Des observateurs indépendants considèrent les sanctions de la CEDEAO contre le Mali comme disproportionnellement sans précédent et capables d’étouffer la nation et d’exacerber les souffrances des gens ordinaires.

Les mesures pourraient également provoquer une catastrophe humanitaire et des déplacements massifs dans ce pays enclavé qui compte quelque 19 millions d’habitants et déstabiliser davantage la région agitée.

Sans aucun doute, les sanctions pourraient nuire à la junte, mais elles peuvent également engendrer des sentiments anti-CEDEAO et xénophobes, ce qui pourrait nuire aux interventions régionales/internationales.

Par conséquent, la CEDEAO doit agir avec plus d’indépendance, d’introspection et sans influences étrangères et, en particulier dans l’intérêt des Maliens et des quelque 400 millions de citoyens communautaires, d’une manière cohérente avec son mandat d’intégration régionale.

Au-delà des sentiments patriotiques locaux, certains partis politiques maliens s’opposent au maintien prolongé des militaires au pouvoir, bien qu’ils « regrettent » également les sanctions de la CEDEAO.

À l’avenir, le régime de Bamako doit se faire un monde de bien en accélérant le processus de transition avec les contributions et le soutien des acteurs locaux et externes agissant tous de bonne foi pour le rétablissement de la paix et de l’ordre constitutionnel au Mali et dans toute la région.
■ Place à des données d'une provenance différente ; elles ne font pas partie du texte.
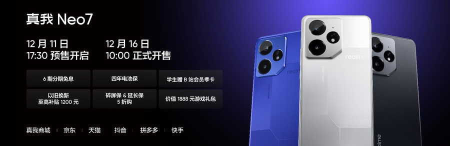 真我Neo7将于12月11日17:30开启预售,12月16日正式全渠道开售。用户还可享受6期免息、4年电池保、至高1200元的以旧换新补贴、5折购碎屏保与延长保等福利,学生用户还会加赠B站会员季卡。此外,真我老用户以旧换新可享100元额外补贴,真我Neo系列老用户可享200元额外补贴。

Les dirigeants de la CEDEAO doivent également s’attaquer aux problèmes de mauvaise gouvernance, de corruption, de copinage, de trucage des élections et d’allongement des mandats, qui sont les déclencheurs et les moteurs de l’instabilité politique et de la récession de la démocratie dans la région.

*Ejime est analyste des affaires mondiales et consultant indépendant en communications stratégiques d’entreprise, paix et sécurité et élections.